_ASSIGNMENT:_ From the listing that follows, reproduce only the lines from the one holding "变量分布的形状要用形状指标来" through the one holding "先打开台服官网。如果直接访问", both included, with no pictures.

_DATA FOR THE TASK:_
=-=-=-=-=

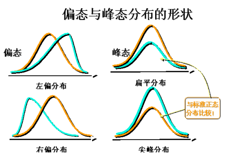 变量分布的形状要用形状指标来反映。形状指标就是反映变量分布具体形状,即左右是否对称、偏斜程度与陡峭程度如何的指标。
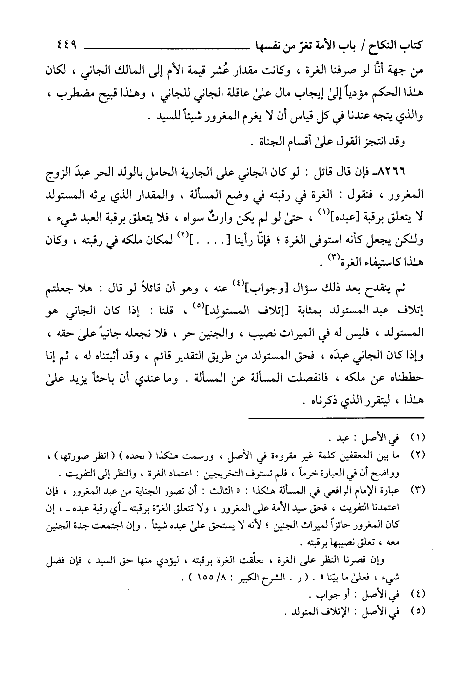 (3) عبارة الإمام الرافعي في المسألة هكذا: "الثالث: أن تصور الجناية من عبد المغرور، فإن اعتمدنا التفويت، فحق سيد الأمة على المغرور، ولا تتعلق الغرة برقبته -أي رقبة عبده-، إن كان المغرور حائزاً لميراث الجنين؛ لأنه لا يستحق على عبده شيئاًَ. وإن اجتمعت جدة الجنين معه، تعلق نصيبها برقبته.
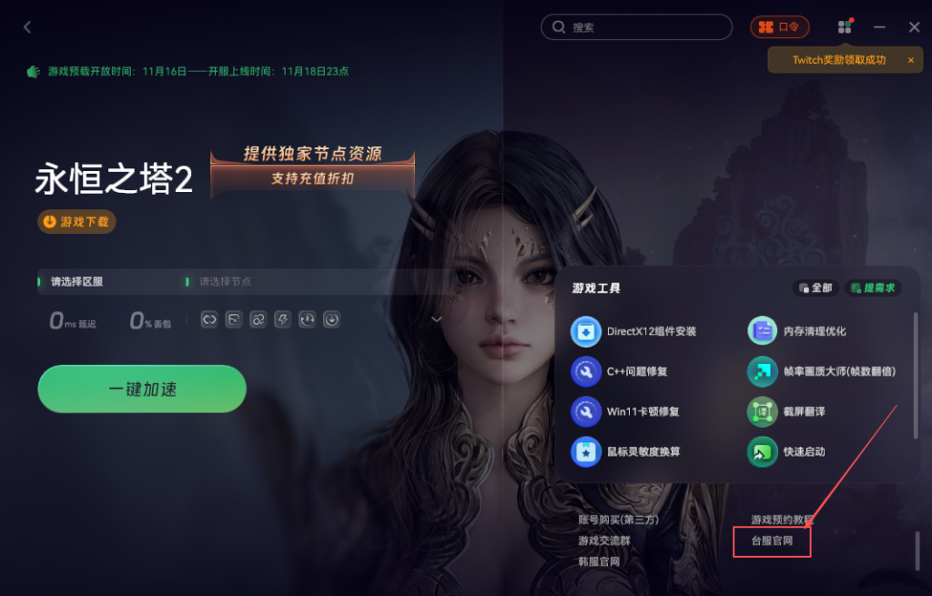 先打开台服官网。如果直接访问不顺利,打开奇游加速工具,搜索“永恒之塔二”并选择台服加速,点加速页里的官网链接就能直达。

=-=-=-=-=

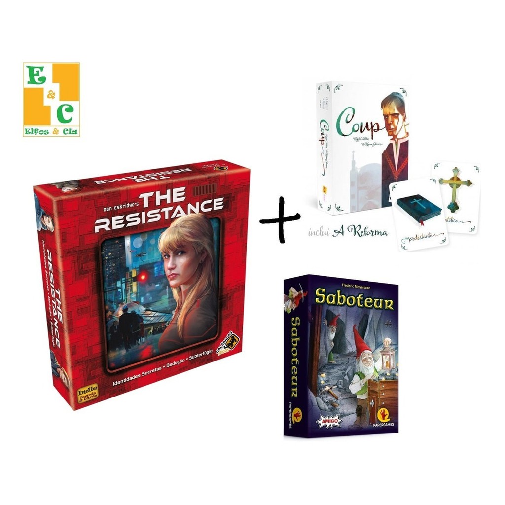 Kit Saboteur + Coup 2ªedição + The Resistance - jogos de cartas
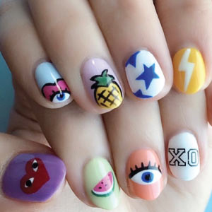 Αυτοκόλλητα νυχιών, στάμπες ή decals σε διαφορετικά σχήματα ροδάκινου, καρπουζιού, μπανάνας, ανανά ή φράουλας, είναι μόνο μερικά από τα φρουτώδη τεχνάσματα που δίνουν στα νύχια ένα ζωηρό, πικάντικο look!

=-=-=-=-=

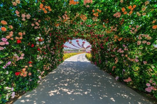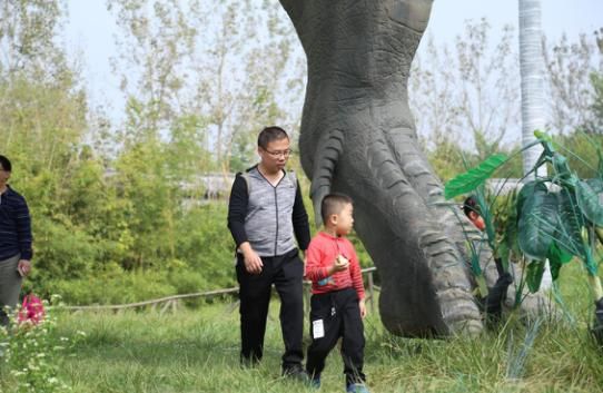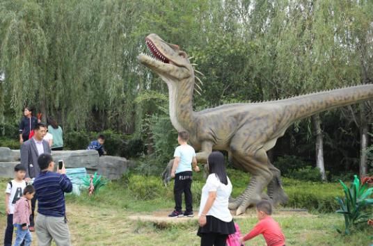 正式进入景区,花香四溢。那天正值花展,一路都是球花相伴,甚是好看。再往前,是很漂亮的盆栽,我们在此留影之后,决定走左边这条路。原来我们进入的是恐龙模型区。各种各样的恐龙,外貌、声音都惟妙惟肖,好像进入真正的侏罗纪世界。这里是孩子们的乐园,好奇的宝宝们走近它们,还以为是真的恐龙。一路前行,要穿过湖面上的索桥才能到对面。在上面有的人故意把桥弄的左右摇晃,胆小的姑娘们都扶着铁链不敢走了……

=-=-=-=-=

_TASK ANSWER:_
 变量分布的形状要用形状指标来反映。形状指标就是反映变量分布具体形状,即左右是否对称、偏斜程度与陡峭程度如何的指标。
 (3) عبارة الإمام الرافعي في المسألة هكذا: "الثالث: أن تصور الجناية من عبد المغرور، فإن اعتمدنا التفويت، فحق سيد الأمة على المغرور، ولا تتعلق الغرة برقبته -أي رقبة عبده-، إن كان المغرور حائزاً لميراث الجنين؛ لأنه لا يستحق على عبده شيئاًَ. وإن اجتمعت جدة الجنين معه، تعلق نصيبها برقبته.
 先打开台服官网。如果直接访问不顺利,打开奇游加速工具,搜索“永恒之塔二”并选择台服加速,点加速页里的官网链接就能直达。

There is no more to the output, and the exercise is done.